What is being asked. Gather each line containing the string "Moneda" from these entries.

Provided data.
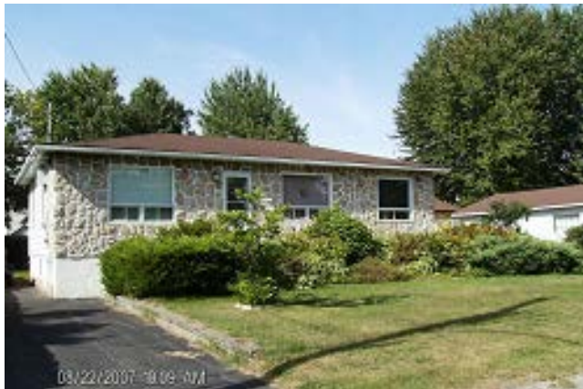
38, 32 e avenue (voisin de gauche – Photo prise dans Accès Cité Territoire)
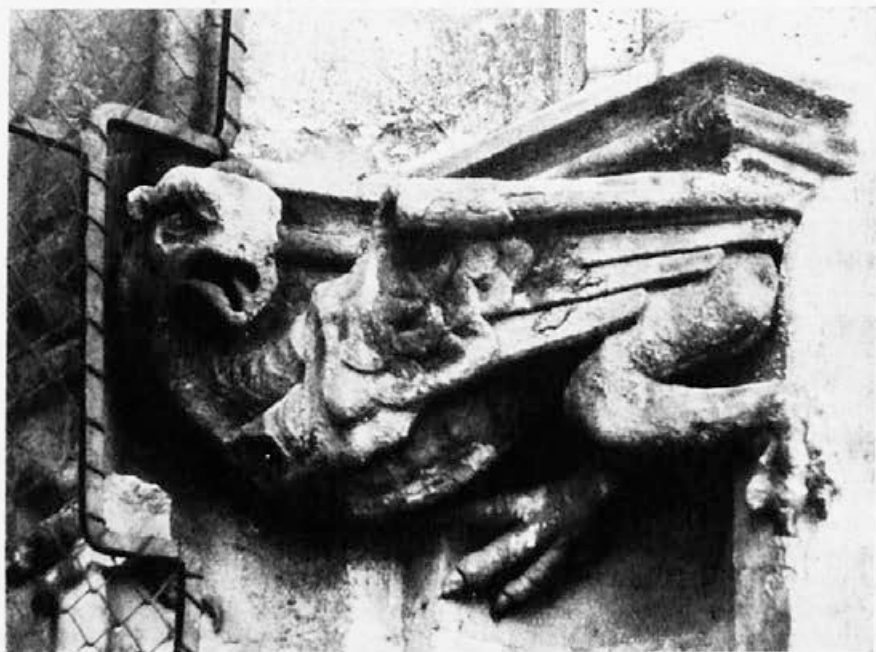
Sl. 146. Zagreb, katedrala, grif
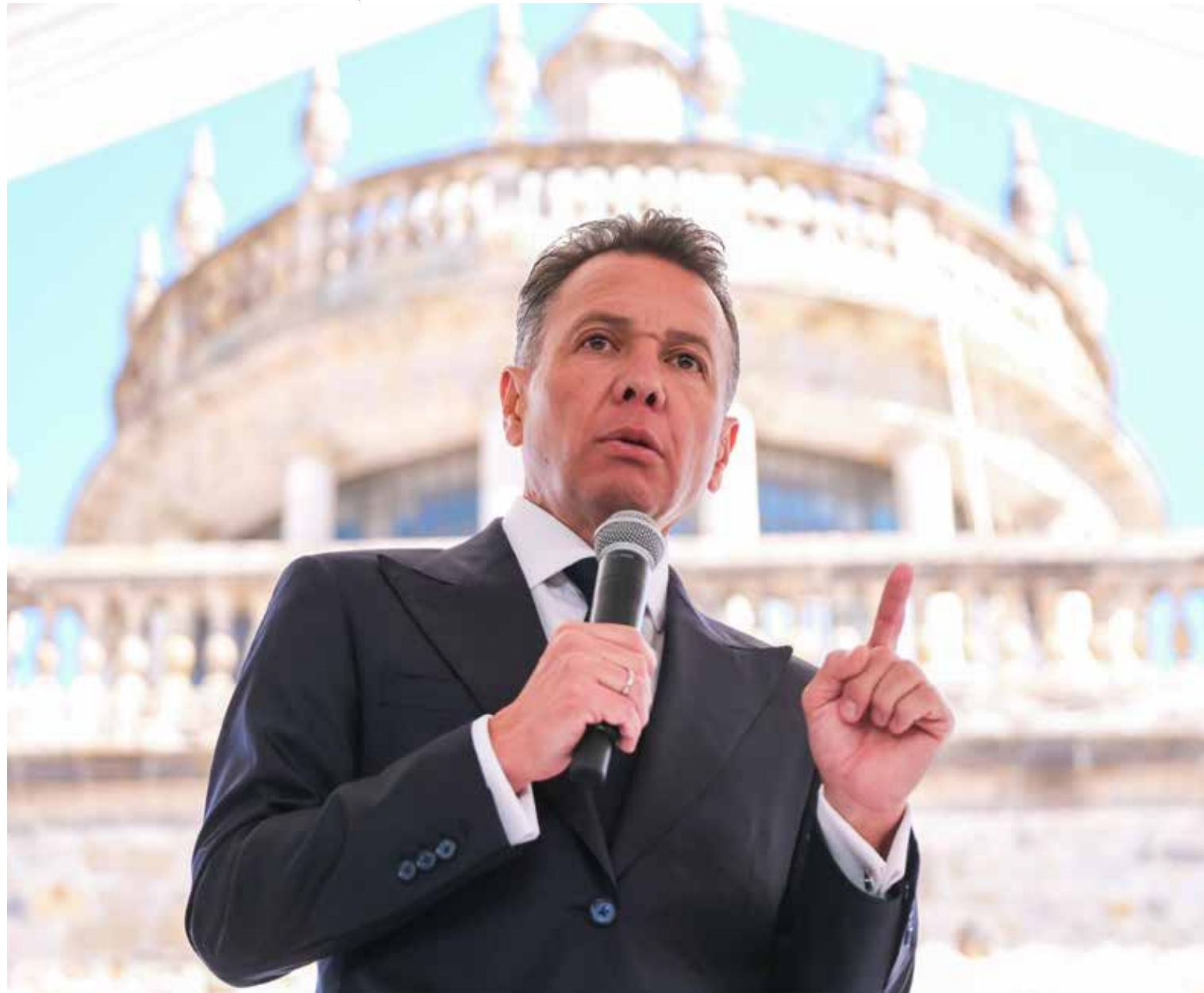
Pablo Lemus es la clave para una posible alianza anti-Morena en Jalisco 2027. Deberá convencer a Dante Delgado —principal opositor a pactar con el PRI y señalado por su cercanía a Morena— y a Jorge Máynez. El éxito dependerá de su capacidad para construir acuerdos en la dirigencia nacional de MC
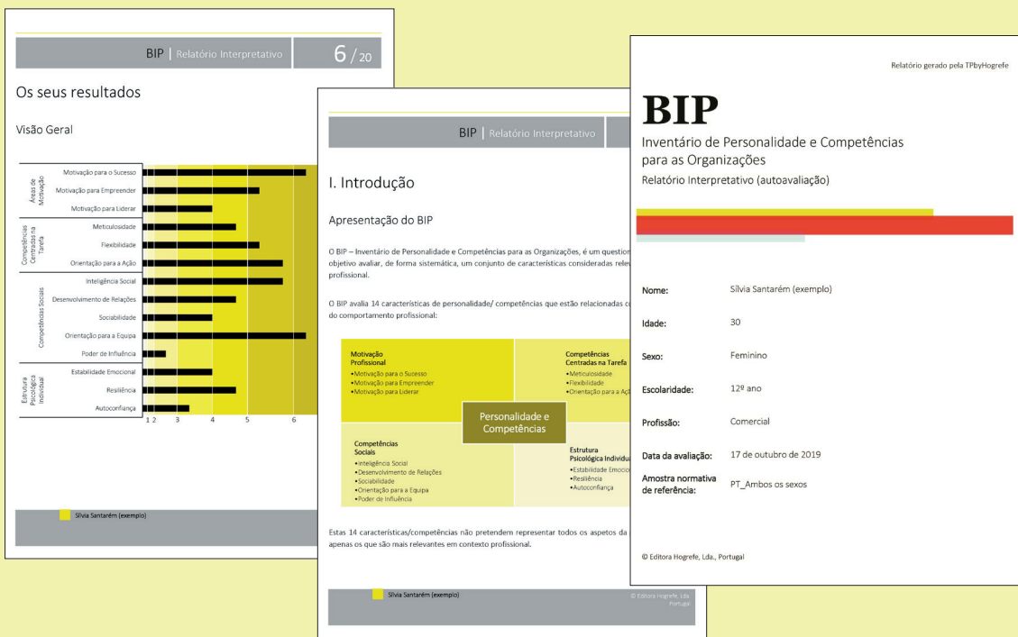
Exemplo da informação disponibilizada no Relatório Interpretativo
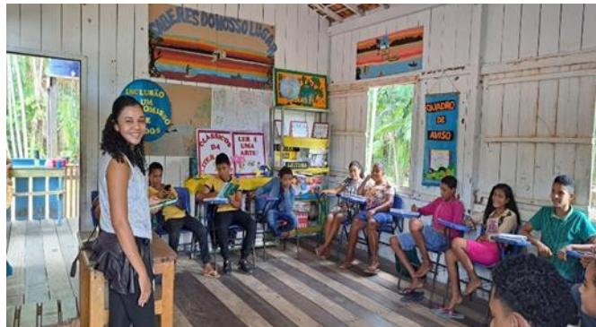
Figura 11: Escola ribeirinha Furo do Baixo
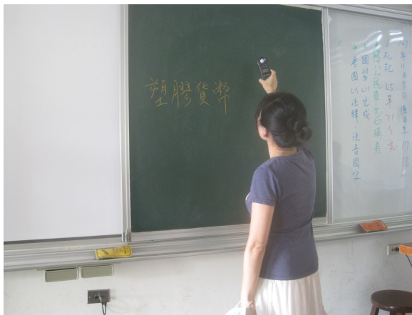
每學期進行黑板照度檢查， 黑板不低於 500 米燭光
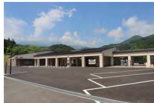
観光交流センター 湯愛舞台（ゆめぶたい）

（廃旅館を再生） 大駐車場・観光インフォメーション こけし展示制作体験コーナー コンベンションスペース 展望広場 etc
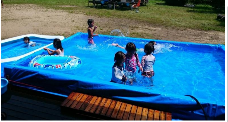
3m×4mの巨大手作りプール(スマツキーにて)

例年ならキャンプ場やバーベキューができる場所を借りて開催するのですが、今年度は雨でも延期できるのと、委員会で
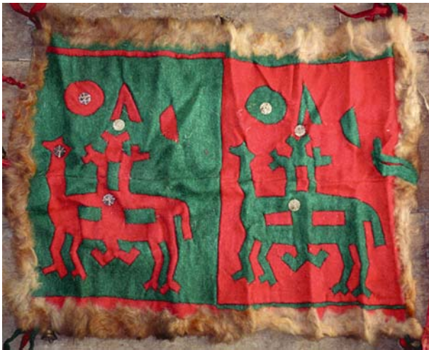
Рис. 4. Жертвенное покрывало сынских хантов с изображением всадников (по: [Сынские ханты, 2005, с. 223]).

представлено в этнографических материалах на жертвенных покрывалах ялтынг-улама обских угров (рис. 4) [Гемуев, Бауло, 2001; Сынские ханты, 2005].
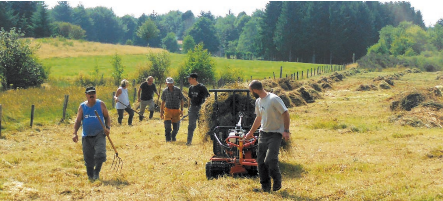
Chantier zones humides sur le plateau de la Verrerie
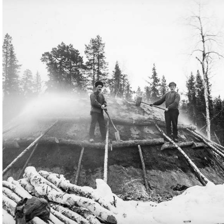
Kolmila i Vindelintrakten.
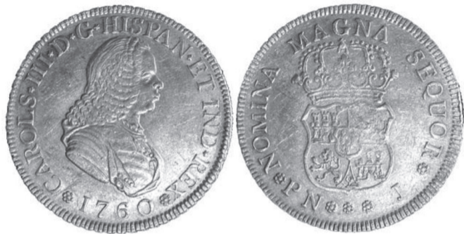
FIGURA VII.8. Moneda de oro de cuatro escudos de 1760

Moneda de oro de cuatro escudos de 1760 de la ceca de Popayán. Estas atractivas piezas con el busto de Fernando VI, emitidas luego de la incorporación de la ceca a la Corona, son un ejemplo del primer diseño de la moneda de oro de cordoncillo. De la gran peluca que adorna el busto del monarca, viene el apelativo de peluconas con que se conocen entre nosotros.
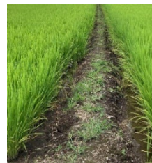
畦畔が痩せ 容易に雨水が流出
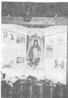
Tinda Casei "Sf. Ioan Iacob-Hozevitul"

Answer space.
FIGURA VII.8. Moneda de oro de cuatro escudos de 1760
Moneda de oro de cuatro escudos de 1760 de la ceca de Popayán. Estas atractivas piezas con el busto de Fernando VI, emitidas luego de la incorporación de la ceca a la Corona, son un ejemplo del primer diseño de la moneda de oro de cordoncillo. De la gran peluca que adorna el busto del monarca, viene el apelativo de peluconas con que se conocen entre nosotros.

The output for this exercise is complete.